Minnesota State Senate
- Members: 67 Senators
- President: John T. Davies
- Majority Leader: Roger Moe
- Minority Leader: Robert O. Ashbach
- Party control: Democratic-Farmer-Labor Party

Minnesota House of Representatives
- Members: 134 Representatives
- Speaker: Harry A. Sieben
- Majority Leader: Willis Eken
- Minority Leader: Glen Sherwood, David M. Jennings
- Party control: Democratic-Farmer-Labor Party

= 72nd Minnesota Legislature =

1981 and 1982 legislative sessions

The seventy-second Minnesota Legislature first convened on January 6, 1981. The 67 members of the Minnesota Senate and the 134 members of the Minnesota House of Representatives were elected during the general election of November 4, 1980.

== Sessions ==
The legislature met in a regular session from January 6, 1981, to May 18, 1981. Three special sessions were also convened in 1981. The first of these special sessions was convened on June 6 to consider the state budget, appropriations, and a tax bill.

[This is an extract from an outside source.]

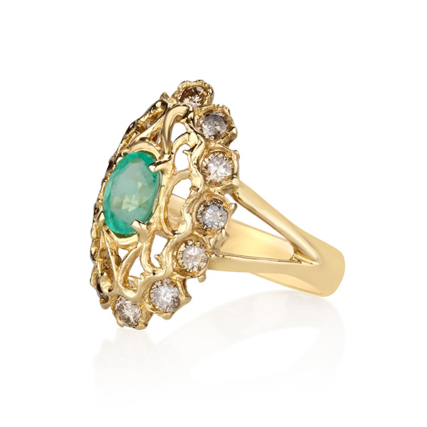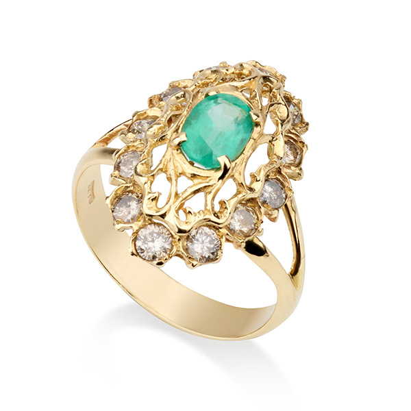 14k yellow gold ring. Diamonds and an emerald stone in a luxurious oval polish.

The second of the special sessions was convened on July 1 and July 2 to consider a short-term borrowing law and to correct errors in the laws enacted during the regular session. The third special session of 1981 was convened from December 1, 1981, to January 18, 1982, to consider reducing appropriations.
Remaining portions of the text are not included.